Government has also failed to come up with a comprehensive fuel policy since last year when President Mugabe announced that the government would stop importing fuel for private players amidst assertions that the fuel sector was strategic and had to be regulated.
Last Wednesday, deputy minister of Energy and Power Development Reuben Marumahoko announced that the fuel industry had been deregulated and the oil industry could import its own fuel, with the National Oil Company of Zimbabwe importing only for strategic “reserves”.
The absence of policy has resulted in a multiple-tier pricing regime in which dealers charge according to demand.
Industry sources said above 70% of Zimbabwe’s fleet was running on fuel sourced at prices above the gazetted tariff.
Bloch said reflex reactions characterised decision-making in government. He said where government came up with new policies, they were either implemented too late or not implemented at all.
The Economic Structural Adjust-ment Programme, which was supposed to have begun in 1991, was only implemented three years later in 1994, while the Zimbabwe Programme for Economic and Social Transformation (Zimprest) was published in 1998 when it should have been implemented in 1996. Bloch said Zimprest was never implemented.

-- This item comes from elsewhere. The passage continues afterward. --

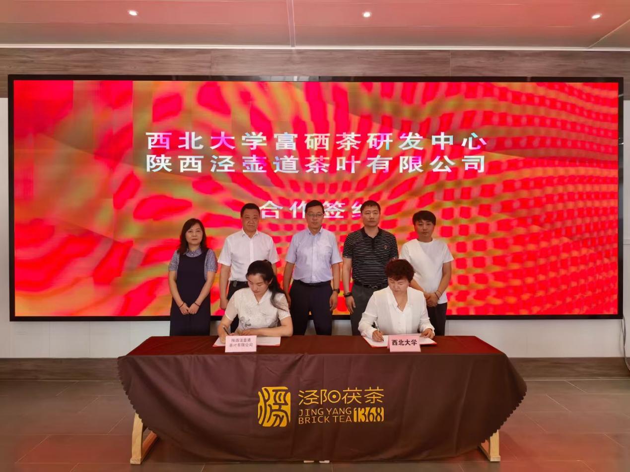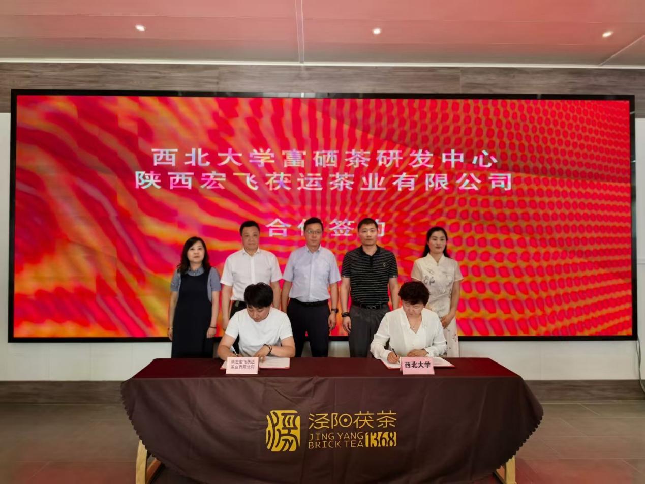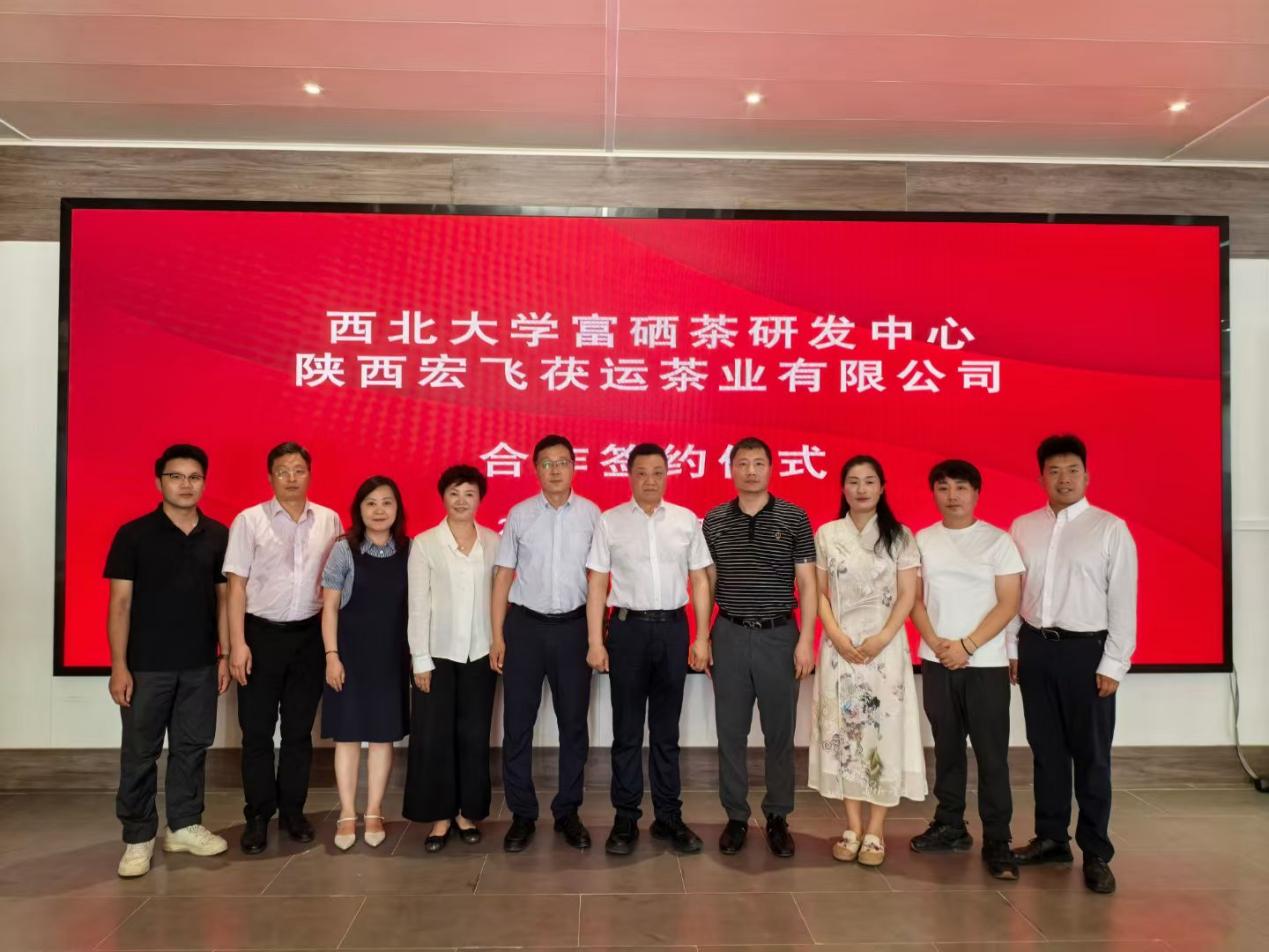 6月13日下午,西北大学富硒茶研发中心与陕西宏飞茯运茶业公司签署了项目合作协议。本次活动旨在响应陕西省政府《陕西省茶产业高质量发展的意见》,推动陕西茯茶产业创新性发展,促进茯茶产业与高等教育有机结合,完善茯茶产业科技生态链,创新开发相关茯茶产品,实现茯茶产业科技成果高效转化。西北大学科技处处长杨涛、食品学院院长岳田利、行政副院长马燕、食品学院、西北大学富硒茶研发中心主任袁亚宏教授、副主任盛庆林教授、副主任冯克伟副教授、学院办公室主任任光辉,陕西宏飞茯运茶业有限公司董事长杨飞、总经理罗亮、陕西泾壶道茶叶有限公司总经理刘敏出席本次活动,签约活动由秦创原茯茶文化创新中心主任党其雷主持。

“The government has also come up with the National Economic Revival Programme (Nerp) which is yet to be implemented. We have become good at devising economic policies but bad at implementation,” Bloch said.
Murerwa, the chief architect ofNerp, cast a shadow on the programme’s future conceding that its implementation would not be easy under the present environment.
“The implementation of policy in Nerp will not be easy under the present environment where external assistance is limited to food aid and other humanitarian assistance. As partners, we need to jointly rekindle international support,” he noted.
Analyst Tony Hawkins said government’s “fire fighting measures have failed to put out the fire as officials have been hopping from one policy distortion to another without success”.
“Nerp is an incoherent policy in an environment where the government does not adhere to any productive policies but rather opts to approach events as they unfold,” he said.